# First look/Review of the new PSI Steampunk Kit



## cschimmel (Aug 26, 2014)

Here is a quick video I did on the new PSI Steampunk Kit.   I like it.  
First look at the Penn State Ind Steampunk Pen kit. PSI - YouTube


----------



## walshjp17 (Aug 26, 2014)

Where/when did you get it?  I just checked the web site and it is not there yet.


----------



## Ligget (Aug 26, 2014)

Now that looks like a neat kit!


----------



## SteveG (Aug 26, 2014)

Like it...more "outside the proverbial box" than any component set to come along.

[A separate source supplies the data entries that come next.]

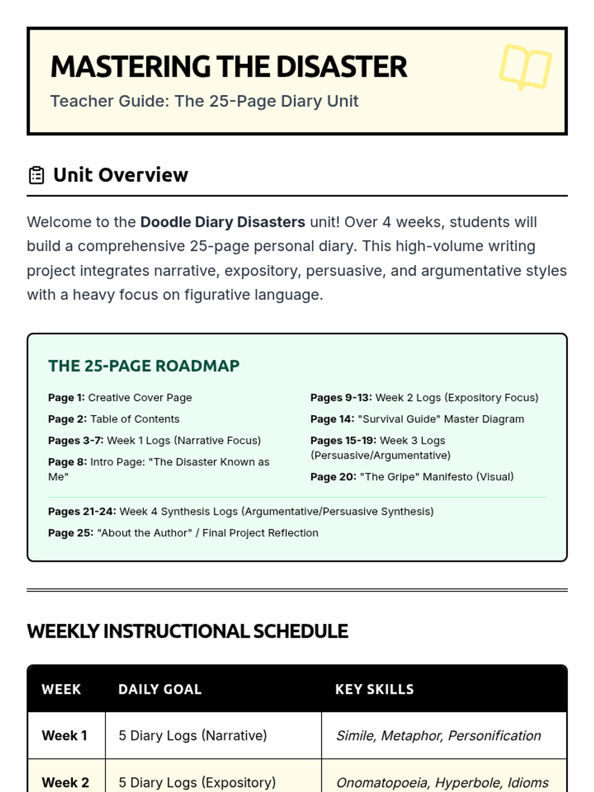 A teacher guide providing a 4-week overview of the Doodle Diary Disasters unit, including weekly focus areas for writing types and figurative language.
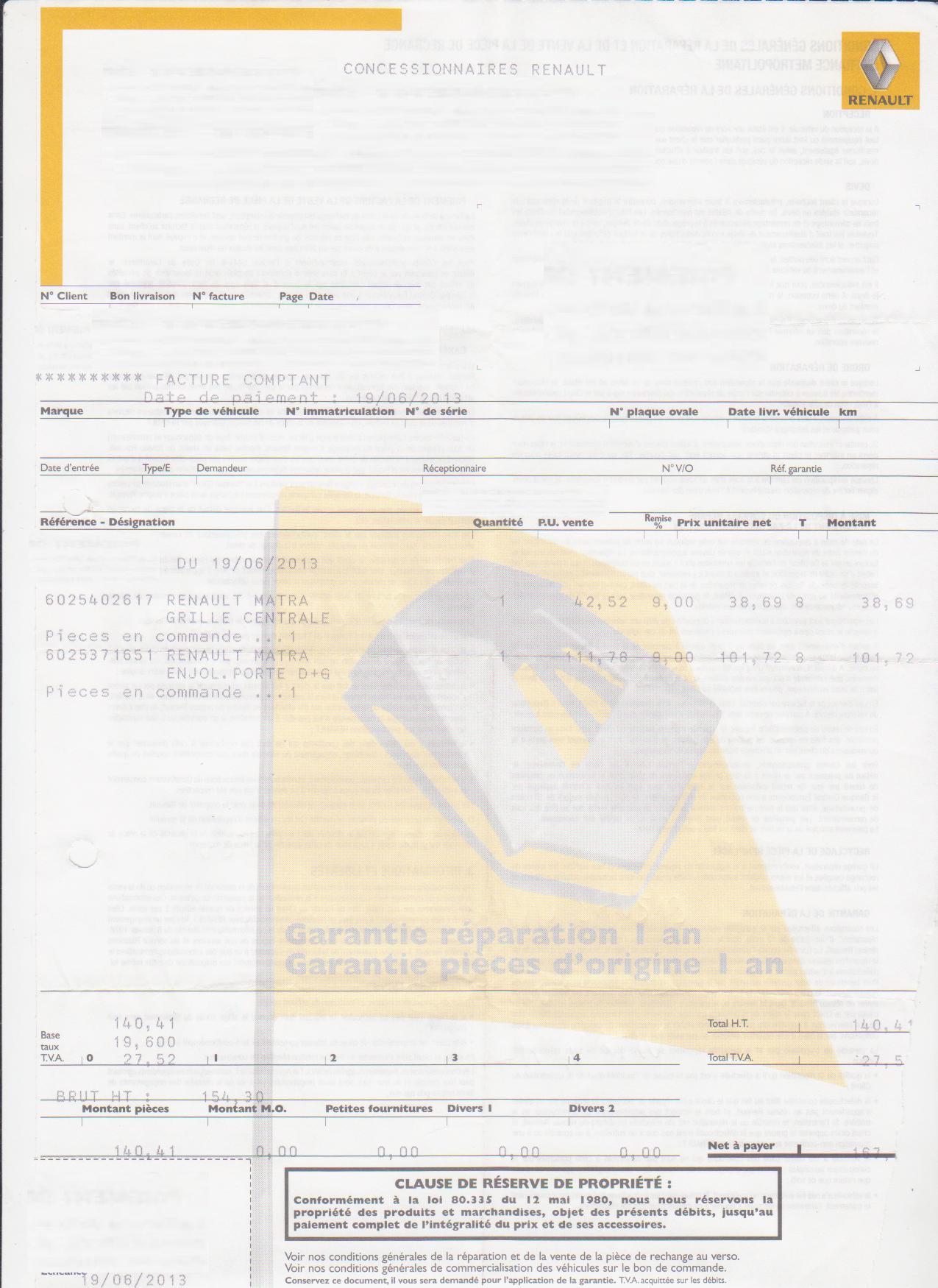 Voici la facture de la grille 45.76€ en juin 2013, et la facture des poignées que j'ai jamais reçues.
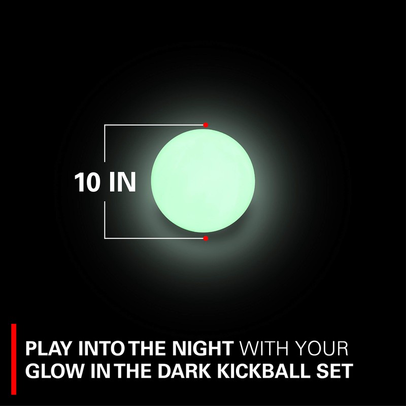 - TAKE IT ON THE ROAD: Perfect for family get togethers and sporting events. Compete with your family and friends for hours at a time. Play long in to the night now with our complete glow in the dark kickball set! It will be the talk of the party and you won’t have to worry about any stray kicks with the rubber kickball.
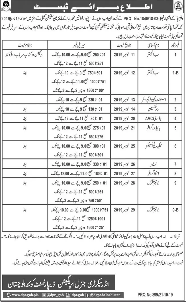 Interview Test Schedule Irrigation Deptt Balochistan
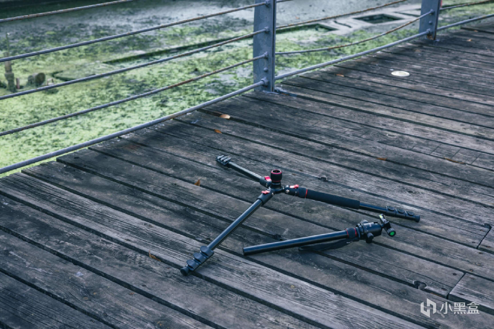 探花目前使用的是斯莫格CT-20铝合金三脚架,整体承重15KG,支持180°反折收纳,收纳后的长度在44cm左右,日常出行携带较为方便。这款三脚架高度变化依靠脚管上扳扣调节,相较于常见的螺旋式调节结构,一扳一扣的扳扣式设计收放脚管要更加快捷高效。

This is going to be a big hit.


----------



## Woodkiller (Aug 26, 2014)

Any idea on the price and release date?


----------



## Trees2Pens (Aug 26, 2014)

*Way Cool*

Great preview.  Can't wait to see your blank.

John


----------



## plano_harry (Aug 26, 2014)

Are they out of stock before it is announced?


----------



## ladycop322 (Aug 26, 2014)

Like most of them...probably....this is just a guess but there are times I go to order new releases and they are sold out on a wait list for about 3 months or so...it is very aggravating.


----------



## plano_harry (Aug 28, 2014)

$31!   I will still buy it, lot of work there and I think it will sell.


----------



## Dan Masshardt (Aug 28, 2014)

I *might* eventually buy one just because but IMO that's overpriced.  $20 would be a lot still but somewhat reasonable.


----------



## cschimmel (Aug 29, 2014)

Yes it will really depend on your market if it will be a good item or not.  Who knows.


----------



## joefrog (Sep 3, 2014)

Dan Masshardt said:


> I *might* eventually buy one just because but IMO that's overpriced.  $20 would be a lot still but somewhat reasonable.



Same here.  WOW, that's a pricey one!  Love it, but.... yikes.


----------



## Si90 (Sep 3, 2014)

How much!

Just imagine how much that will cost to get to the UK.


----------



## ladycop322 (Sep 3, 2014)

$31.95 ea


----------